» **WHAT THIS TASK INVOLVES**: Word for word, restate the data that follows, omitting the images.

» **DATASET SECTION**:
━━━━━━━━━━

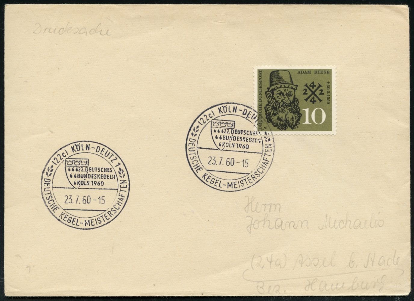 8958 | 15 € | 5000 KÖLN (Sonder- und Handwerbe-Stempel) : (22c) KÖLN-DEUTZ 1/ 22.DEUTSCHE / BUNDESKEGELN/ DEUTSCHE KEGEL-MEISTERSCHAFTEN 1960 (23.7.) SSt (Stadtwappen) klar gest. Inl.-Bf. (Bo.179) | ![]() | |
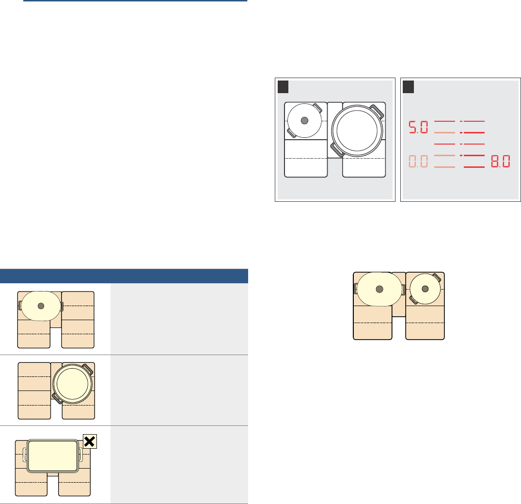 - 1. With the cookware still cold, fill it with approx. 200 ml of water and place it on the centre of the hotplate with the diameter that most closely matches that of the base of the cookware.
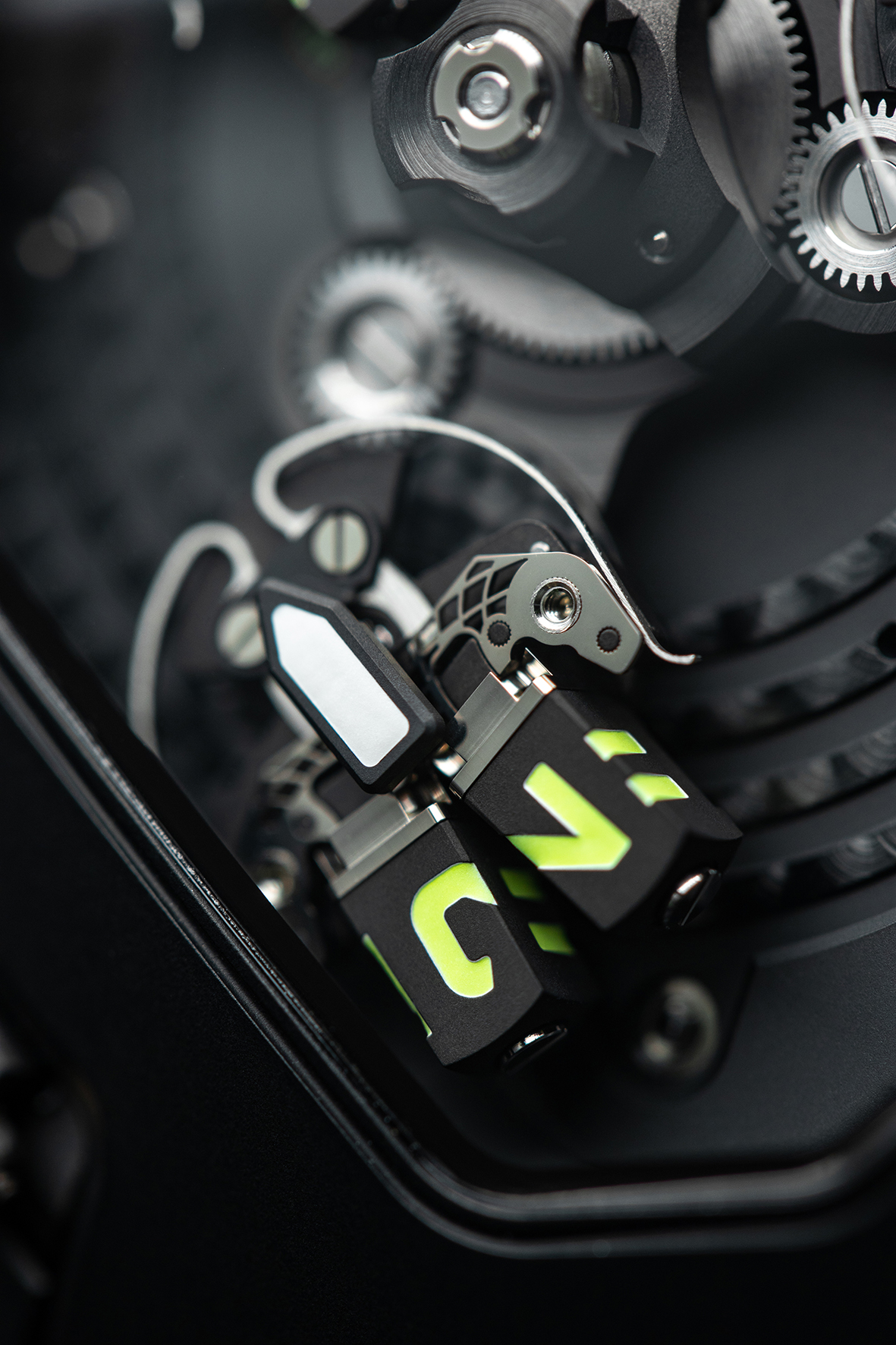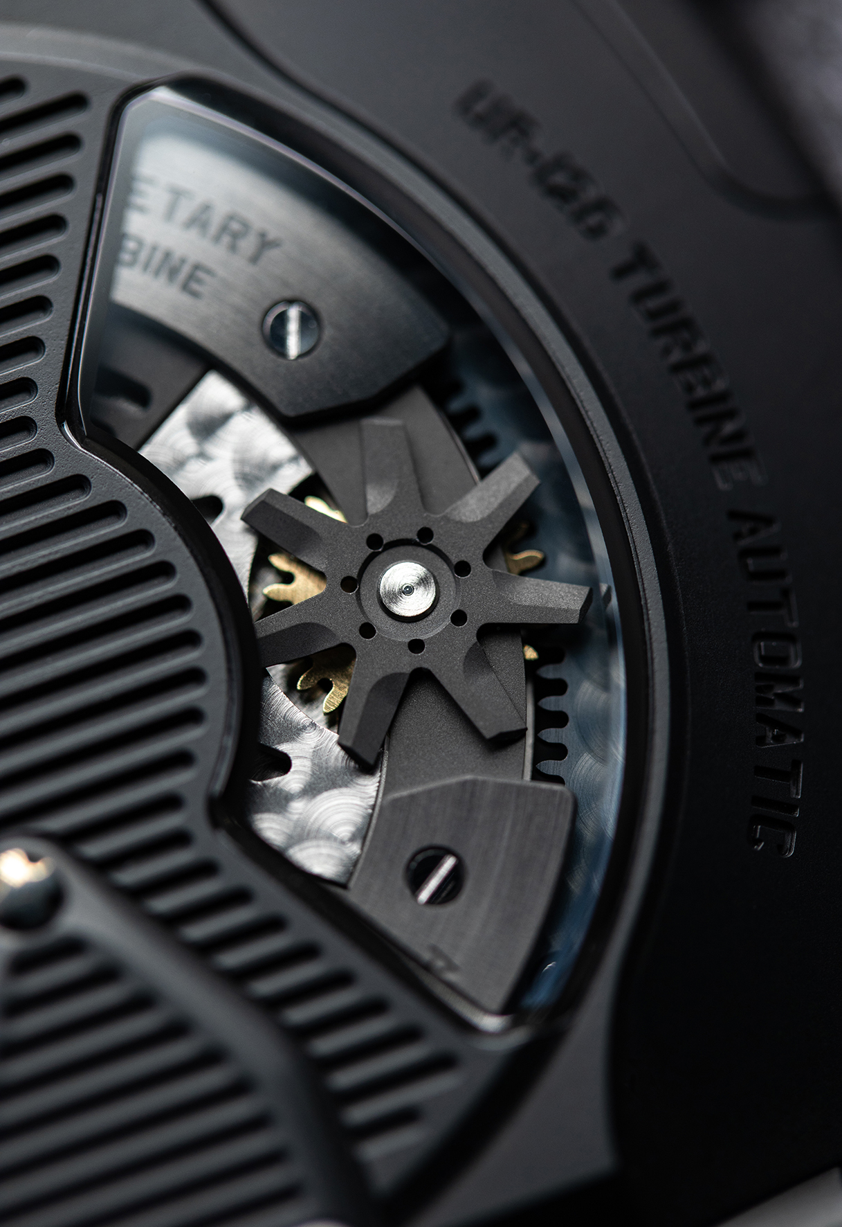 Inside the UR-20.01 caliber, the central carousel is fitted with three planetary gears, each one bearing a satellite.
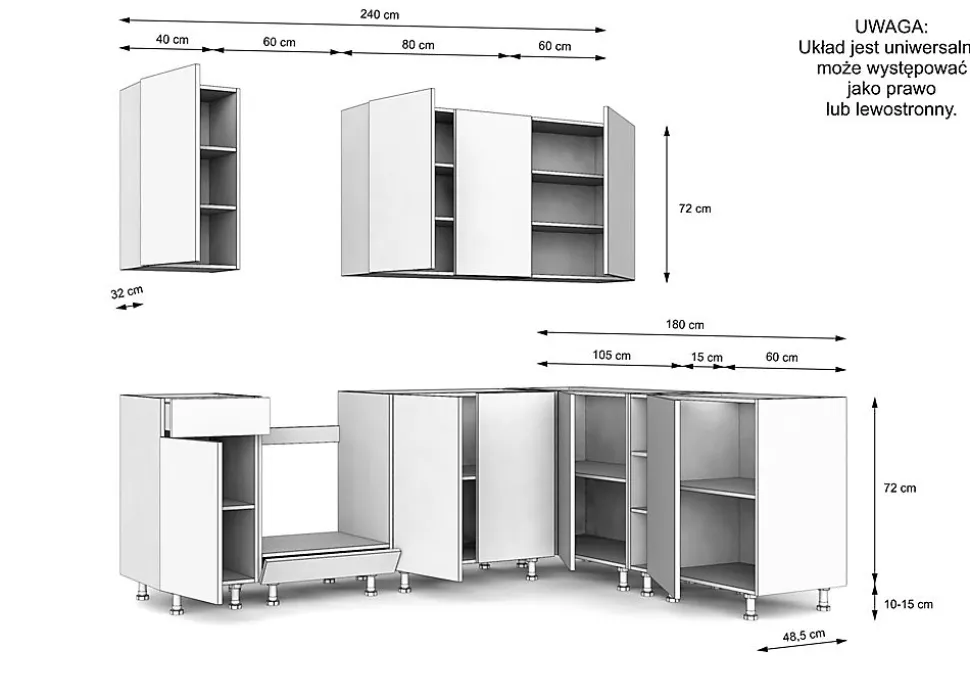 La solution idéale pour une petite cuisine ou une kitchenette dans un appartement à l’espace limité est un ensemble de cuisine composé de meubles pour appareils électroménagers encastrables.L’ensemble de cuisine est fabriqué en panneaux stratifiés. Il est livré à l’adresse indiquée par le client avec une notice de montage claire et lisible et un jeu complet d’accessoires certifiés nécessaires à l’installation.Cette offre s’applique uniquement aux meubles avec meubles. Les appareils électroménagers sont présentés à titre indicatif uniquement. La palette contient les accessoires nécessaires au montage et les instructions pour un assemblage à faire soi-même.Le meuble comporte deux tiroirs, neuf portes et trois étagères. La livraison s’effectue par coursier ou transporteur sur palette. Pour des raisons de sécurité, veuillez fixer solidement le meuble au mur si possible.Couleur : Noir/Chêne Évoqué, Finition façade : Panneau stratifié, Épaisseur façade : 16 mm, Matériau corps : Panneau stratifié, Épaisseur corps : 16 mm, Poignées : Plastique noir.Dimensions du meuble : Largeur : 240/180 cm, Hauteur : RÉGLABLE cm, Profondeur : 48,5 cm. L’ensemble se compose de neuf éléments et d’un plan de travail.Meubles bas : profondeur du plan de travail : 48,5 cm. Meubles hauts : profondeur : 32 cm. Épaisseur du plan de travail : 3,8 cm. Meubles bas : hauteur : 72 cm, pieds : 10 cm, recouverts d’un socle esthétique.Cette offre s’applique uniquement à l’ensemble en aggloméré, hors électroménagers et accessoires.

━━━━━━━━━━

» **ANSWER FOR THE TASK**:
 8958 | 15 € | 5000 KÖLN (Sonder- und Handwerbe-Stempel) : (22c) KÖLN-DEUTZ 1/ 22.DEUTSCHE / BUNDESKEGELN/ DEUTSCHE KEGEL-MEISTERSCHAFTEN 1960 (23.7.) SSt (Stadtwappen) klar gest. Inl.-Bf. (Bo.179) | ![]() | |
 - 1. With the cookware still cold, fill it with approx. 200 ml of water and place it on the centre of the hotplate with the diameter that most closely matches that of the base of the cookware.
 Inside the UR-20.01 caliber, the central carousel is fitted with three planetary gears, each one bearing a satellite.
 La solution idéale pour une petite cuisine ou une kitchenette dans un appartement à l’espace limité est un ensemble de cuisine composé de meubles pour appareils électroménagers encastrables.L’ensemble de cuisine est fabriqué en panneaux stratifiés. Il est livré à l’adresse indiquée par le client avec une notice de montage claire et lisible et un jeu complet d’accessoires certifiés nécessaires à l’installation.Cette offre s’applique uniquement aux meubles avec meubles. Les appareils électroménagers sont présentés à titre indicatif uniquement. La palette contient les accessoires nécessaires au montage et les instructions pour un assemblage à faire soi-même.Le meuble comporte deux tiroirs, neuf portes et trois étagères. La livraison s’effectue par coursier ou transporteur sur palette. Pour des raisons de sécurité, veuillez fixer solidement le meuble au mur si possible.Couleur : Noir/Chêne Évoqué, Finition façade : Panneau stratifié, Épaisseur façade : 16 mm, Matériau corps : Panneau stratifié, Épaisseur corps : 16 mm, Poignées : Plastique noir.Dimensions du meuble : Largeur : 240/180 cm, Hauteur : RÉGLABLE cm, Profondeur : 48,5 cm. L’ensemble se compose de neuf éléments et d’un plan de travail.Meubles bas : profondeur du plan de travail : 48,5 cm. Meubles hauts : profondeur : 32 cm. Épaisseur du plan de travail : 3,8 cm. Meubles bas : hauteur : 72 cm, pieds : 10 cm, recouverts d’un socle esthétique.Cette offre s’applique uniquement à l’ensemble en aggloméré, hors électroménagers et accessoires.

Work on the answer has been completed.